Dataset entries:
━━━━━━━━━━━━━━━━
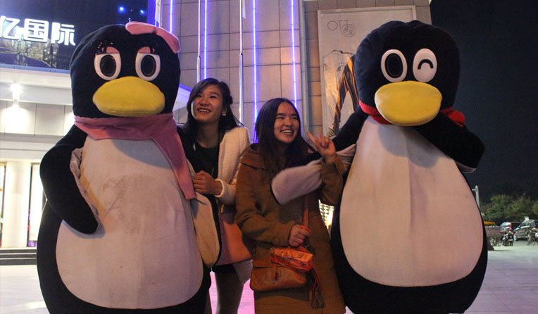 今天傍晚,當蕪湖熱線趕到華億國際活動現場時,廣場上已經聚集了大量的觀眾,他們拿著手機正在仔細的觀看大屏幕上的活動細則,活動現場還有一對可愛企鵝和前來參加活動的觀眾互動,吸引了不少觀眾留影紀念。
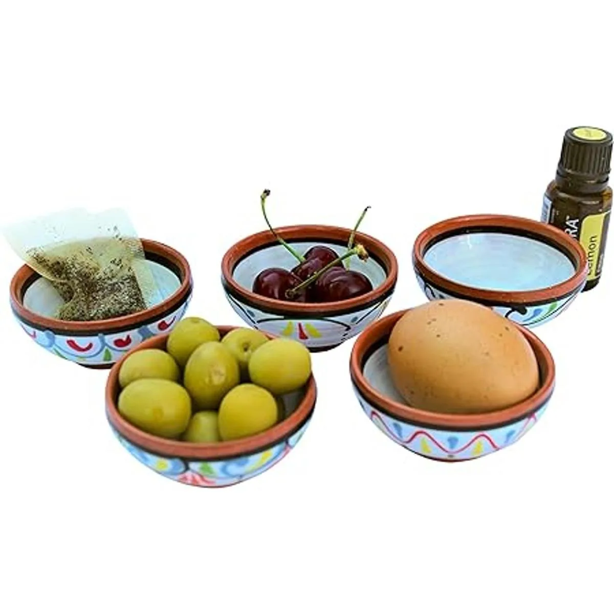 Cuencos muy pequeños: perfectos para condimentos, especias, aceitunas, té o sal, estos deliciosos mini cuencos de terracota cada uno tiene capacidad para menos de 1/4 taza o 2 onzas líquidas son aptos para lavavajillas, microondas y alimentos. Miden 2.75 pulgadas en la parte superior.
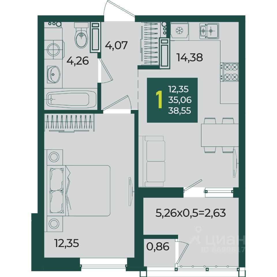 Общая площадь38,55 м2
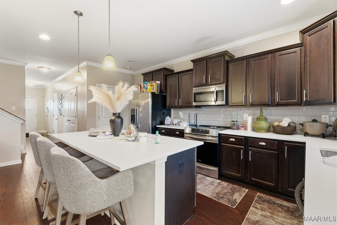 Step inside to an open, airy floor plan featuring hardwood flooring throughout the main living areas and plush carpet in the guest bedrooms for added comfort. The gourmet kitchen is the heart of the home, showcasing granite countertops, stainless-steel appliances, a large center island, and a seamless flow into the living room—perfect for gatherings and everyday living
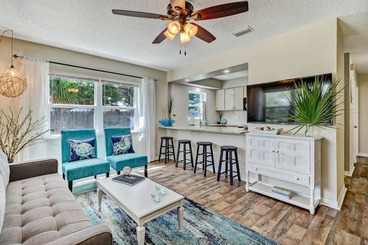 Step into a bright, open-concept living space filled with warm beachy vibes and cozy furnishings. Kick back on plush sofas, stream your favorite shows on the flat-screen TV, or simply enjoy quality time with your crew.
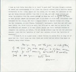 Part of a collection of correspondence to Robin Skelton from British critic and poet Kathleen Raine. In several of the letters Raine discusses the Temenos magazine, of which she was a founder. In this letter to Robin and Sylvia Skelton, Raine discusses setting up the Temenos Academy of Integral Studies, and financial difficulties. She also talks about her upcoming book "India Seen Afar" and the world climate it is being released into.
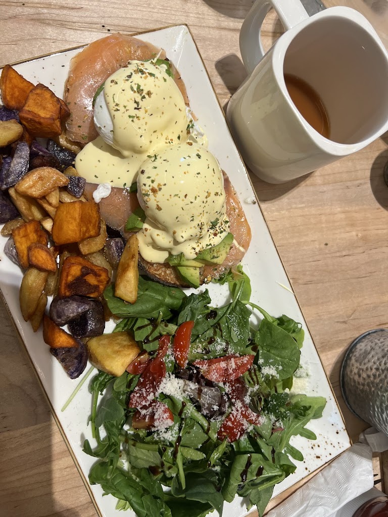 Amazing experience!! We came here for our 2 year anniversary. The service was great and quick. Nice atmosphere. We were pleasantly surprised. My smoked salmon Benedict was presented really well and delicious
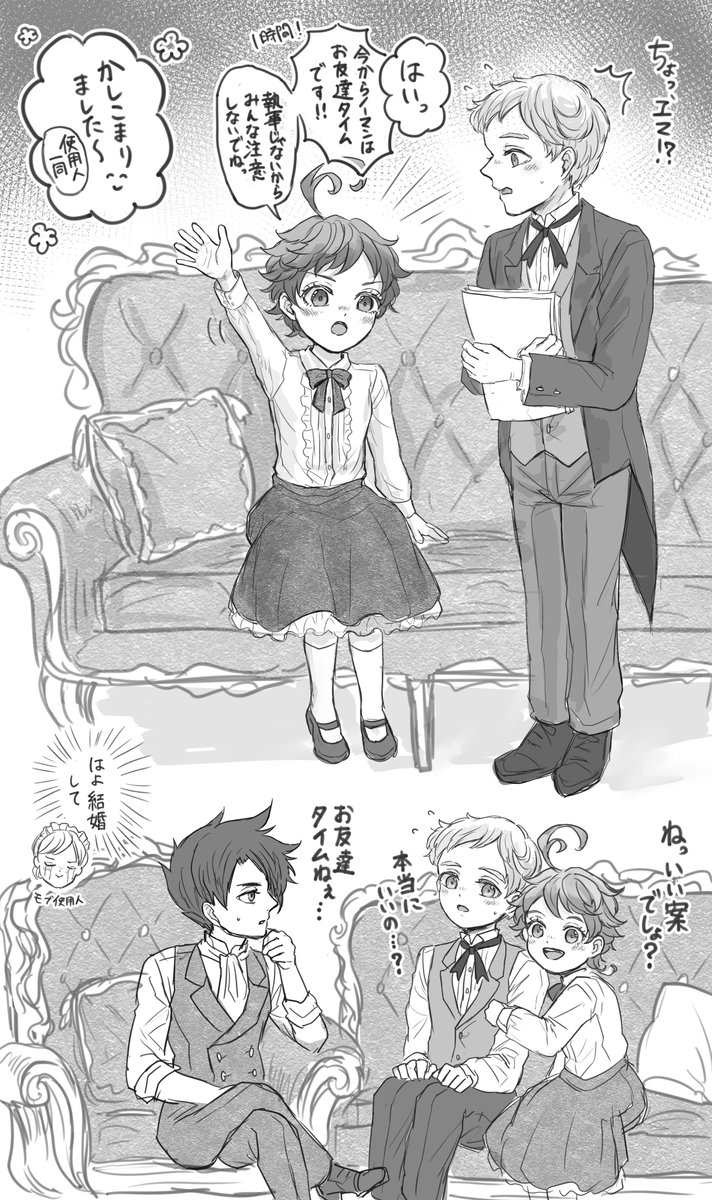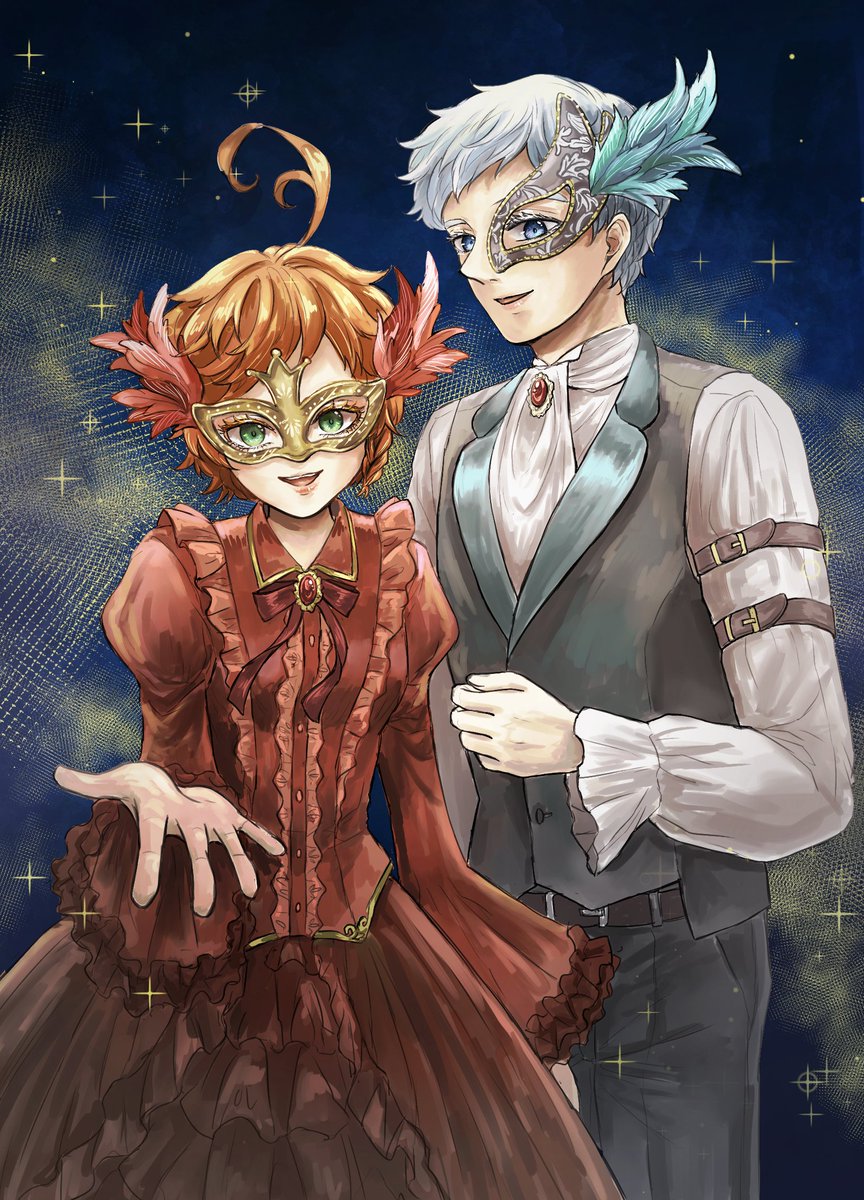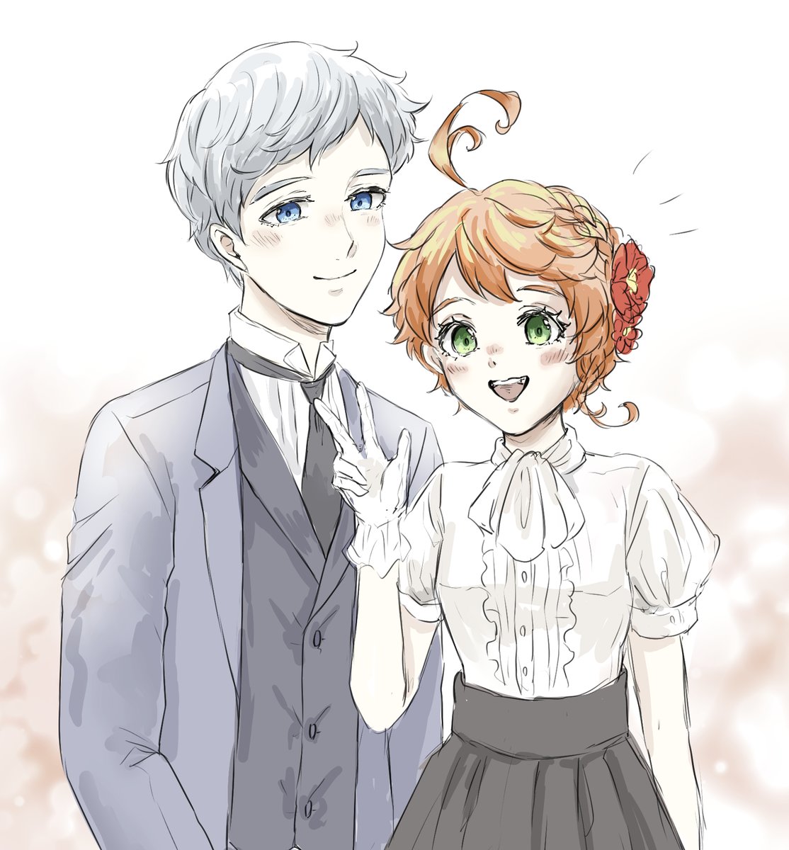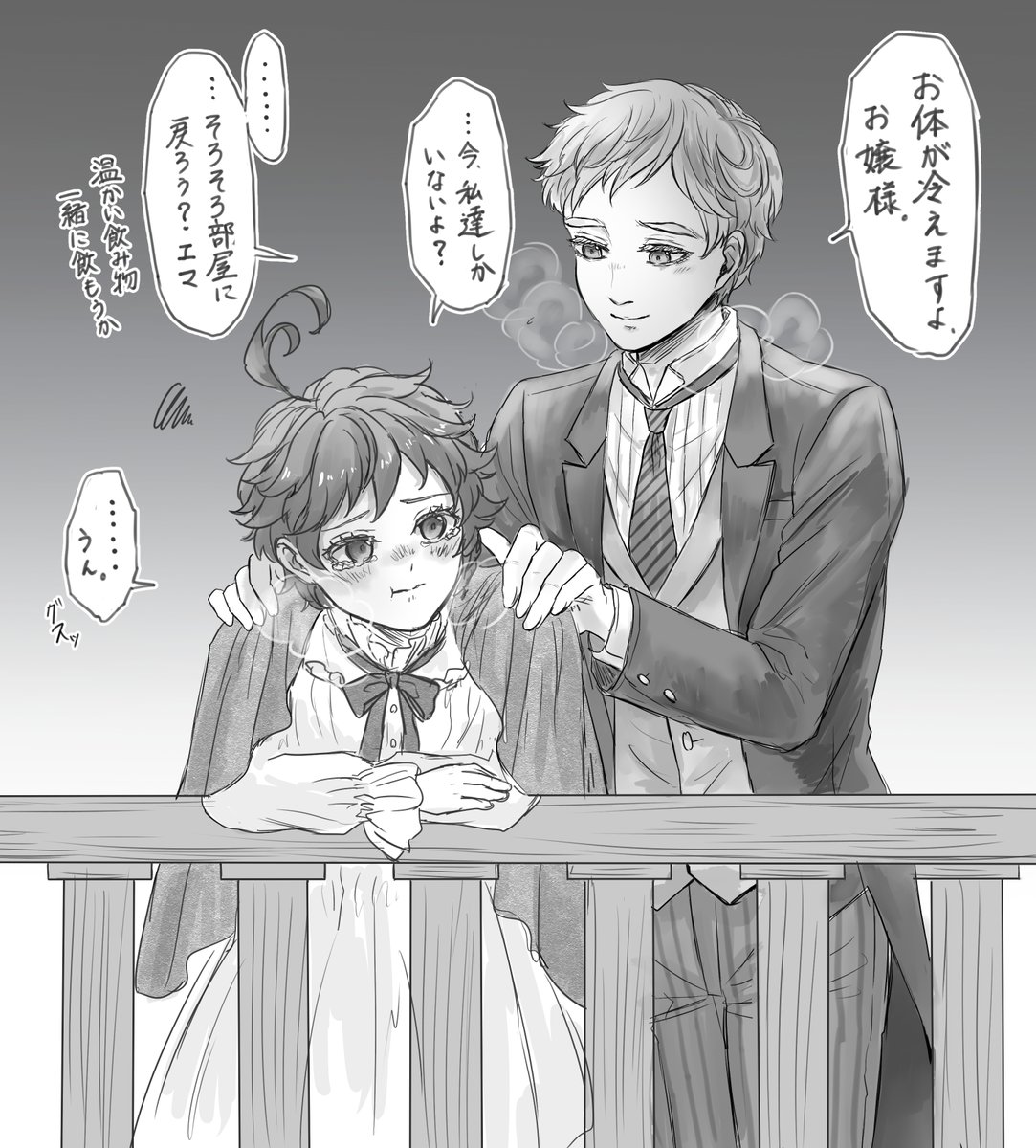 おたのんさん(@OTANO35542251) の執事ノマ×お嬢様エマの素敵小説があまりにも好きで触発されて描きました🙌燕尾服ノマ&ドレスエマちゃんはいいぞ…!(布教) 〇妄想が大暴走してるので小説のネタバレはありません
━━━━━━━━━━━━━━━━
Problem: Give again the stretch of the entries above that begins at the line with "Общая площадь38,55 м2" and ends at the line with "Step inside to", word for word, with no pictures.

Response:
 Общая площадь38,55 м2
 Step inside to an open, airy floor plan featuring hardwood flooring throughout the main living areas and plush carpet in the guest bedrooms for added comfort. The gourmet kitchen is the heart of the home, showcasing granite countertops, stainless-steel appliances, a large center island, and a seamless flow into the living room—perfect for gatherings and everyday living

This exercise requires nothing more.